### Exercise details:
Output exactly, and only, the lines below from the one with "15245 AMACIANTE COMFORT" down to the one with "圖三、俗稱「豬哥」的 Rl. digbyana". Include both end lines and no pictures.
^^^^^^^^^^^^^^^^
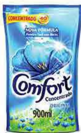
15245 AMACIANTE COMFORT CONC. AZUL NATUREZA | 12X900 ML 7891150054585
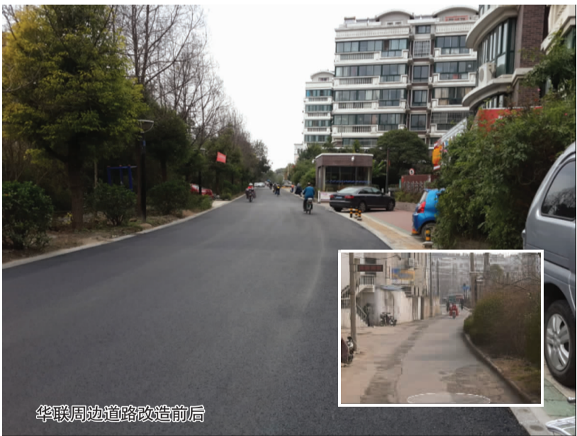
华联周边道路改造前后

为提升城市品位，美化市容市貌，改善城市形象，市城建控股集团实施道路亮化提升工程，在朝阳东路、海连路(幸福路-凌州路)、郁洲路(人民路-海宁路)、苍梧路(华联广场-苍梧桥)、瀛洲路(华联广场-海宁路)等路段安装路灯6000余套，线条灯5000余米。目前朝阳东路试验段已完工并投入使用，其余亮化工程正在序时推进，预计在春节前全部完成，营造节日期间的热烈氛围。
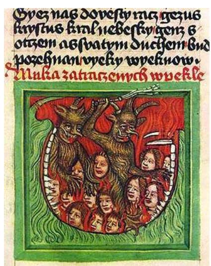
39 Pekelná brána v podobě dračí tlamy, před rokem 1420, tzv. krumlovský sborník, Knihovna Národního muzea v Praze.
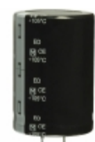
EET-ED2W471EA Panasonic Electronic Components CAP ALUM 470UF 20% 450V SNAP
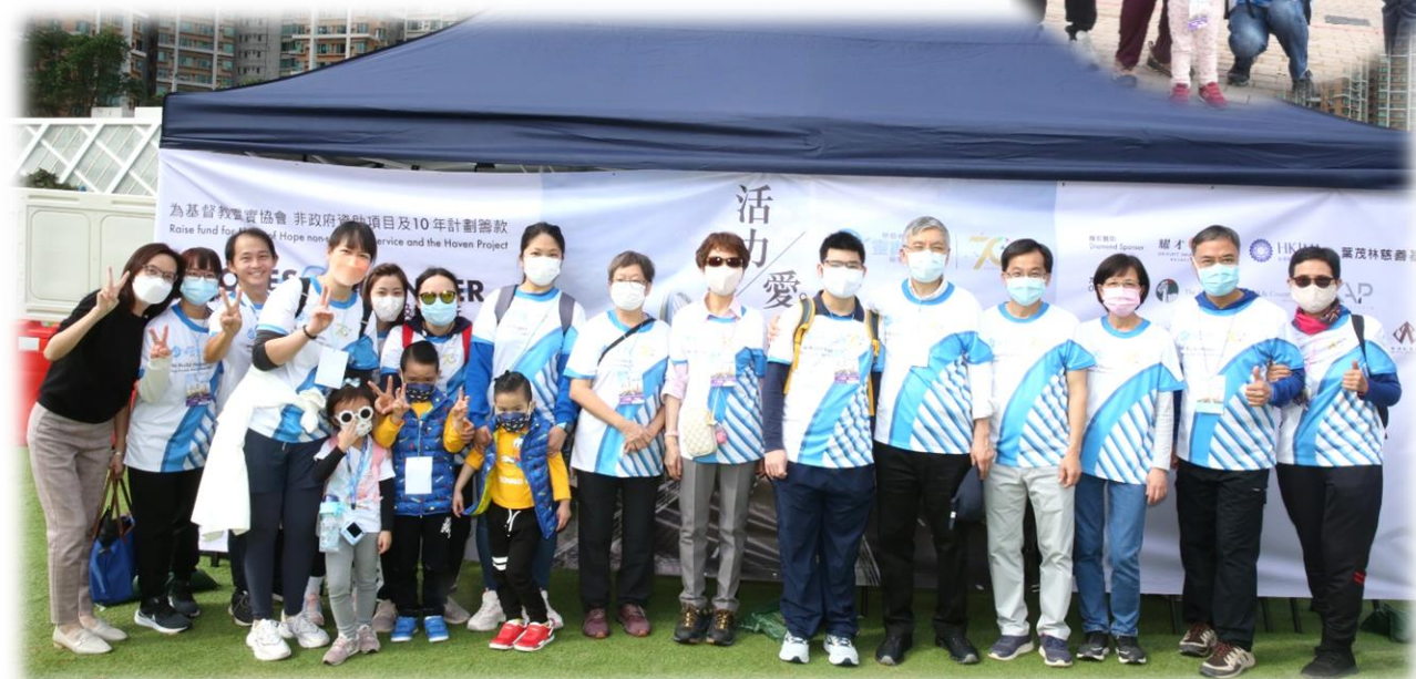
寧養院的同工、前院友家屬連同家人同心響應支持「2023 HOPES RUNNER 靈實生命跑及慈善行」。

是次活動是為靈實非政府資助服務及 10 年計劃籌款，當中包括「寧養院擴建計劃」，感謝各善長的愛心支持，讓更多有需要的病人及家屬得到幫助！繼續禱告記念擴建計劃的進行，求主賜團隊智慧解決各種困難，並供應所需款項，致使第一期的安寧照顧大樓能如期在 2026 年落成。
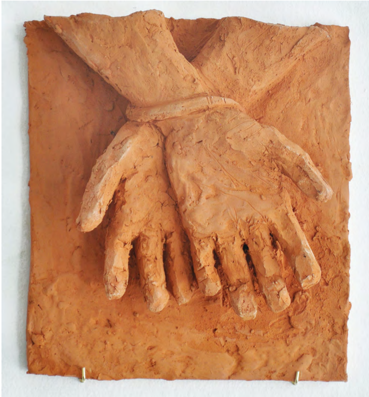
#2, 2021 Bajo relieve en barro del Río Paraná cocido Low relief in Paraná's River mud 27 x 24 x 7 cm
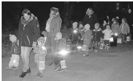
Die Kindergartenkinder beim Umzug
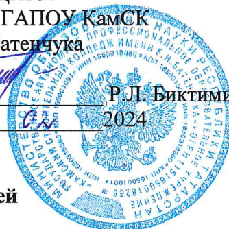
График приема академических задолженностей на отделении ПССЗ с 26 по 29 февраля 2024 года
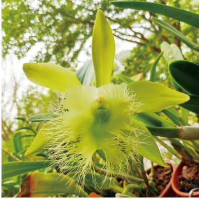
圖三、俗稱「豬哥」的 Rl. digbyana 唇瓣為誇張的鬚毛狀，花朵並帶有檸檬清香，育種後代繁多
^^^^^^^^^^^^^^^^
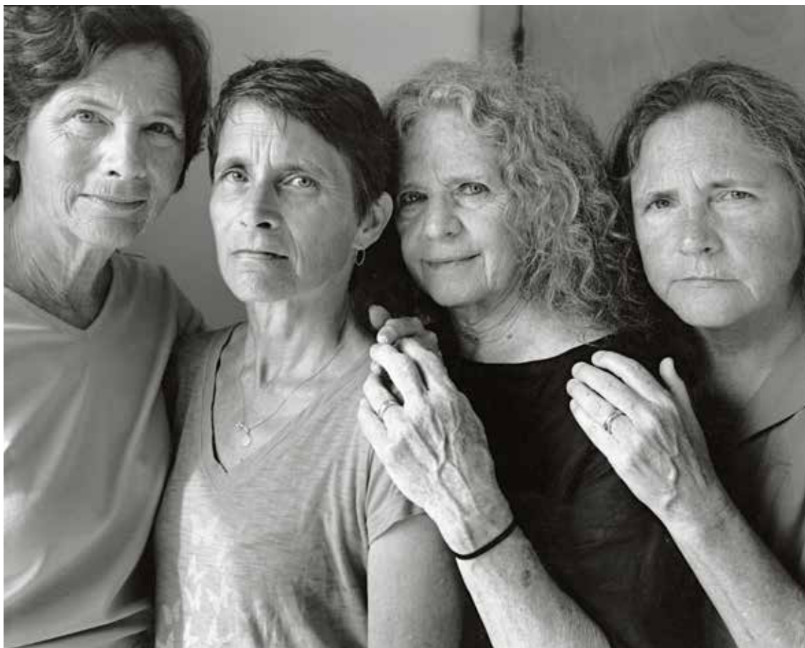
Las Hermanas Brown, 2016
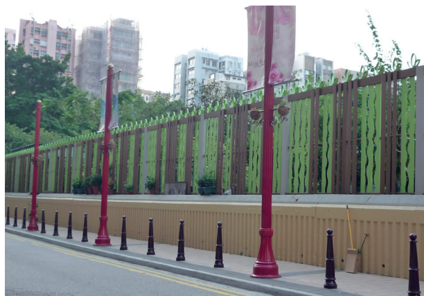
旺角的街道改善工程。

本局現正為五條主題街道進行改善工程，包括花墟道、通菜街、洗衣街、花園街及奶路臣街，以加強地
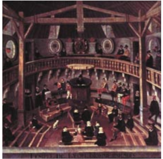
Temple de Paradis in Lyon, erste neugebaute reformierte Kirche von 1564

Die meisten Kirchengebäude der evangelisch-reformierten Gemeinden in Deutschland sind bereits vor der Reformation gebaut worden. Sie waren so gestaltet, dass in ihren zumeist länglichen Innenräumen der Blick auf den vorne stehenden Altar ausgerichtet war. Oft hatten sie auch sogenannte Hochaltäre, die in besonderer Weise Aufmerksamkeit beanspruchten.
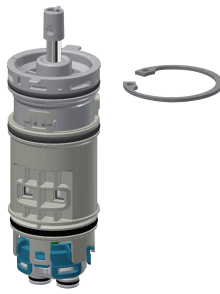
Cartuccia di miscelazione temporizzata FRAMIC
^^^^^^^^^^^^^^^^
### Result of this task:
15245 AMACIANTE COMFORT CONC. AZUL NATUREZA | 12X900 ML 7891150054585
华联周边道路改造前后

为提升城市品位，美化市容市貌，改善城市形象，市城建控股集团实施道路亮化提升工程，在朝阳东路、海连路(幸福路-凌州路)、郁洲路(人民路-海宁路)、苍梧路(华联广场-苍梧桥)、瀛洲路(华联广场-海宁路)等路段安装路灯6000余套，线条灯5000余米。目前朝阳东路试验段已完工并投入使用，其余亮化工程正在序时推进，预计在春节前全部完成，营造节日期间的热烈氛围。
39 Pekelná brána v podobě dračí tlamy, před rokem 1420, tzv. krumlovský sborník, Knihovna Národního muzea v Praze.
EET-ED2W471EA Panasonic Electronic Components CAP ALUM 470UF 20% 450V SNAP
寧養院的同工、前院友家屬連同家人同心響應支持「2023 HOPES RUNNER 靈實生命跑及慈善行」。

是次活動是為靈實非政府資助服務及 10 年計劃籌款，當中包括「寧養院擴建計劃」，感謝各善長的愛心支持，讓更多有需要的病人及家屬得到幫助！繼續禱告記念擴建計劃的進行，求主賜團隊智慧解決各種困難，並供應所需款項，致使第一期的安寧照顧大樓能如期在 2026 年落成。
#2, 2021 Bajo relieve en barro del Río Paraná cocido Low relief in Paraná's River mud 27 x 24 x 7 cm
Die Kindergartenkinder beim Umzug
График приема академических задолженностей на отделении ПССЗ с 26 по 29 февраля 2024 года
圖三、俗稱「豬哥」的 Rl. digbyana 唇瓣為誇張的鬚毛狀，花朵並帶有檸檬清香，育種後代繁多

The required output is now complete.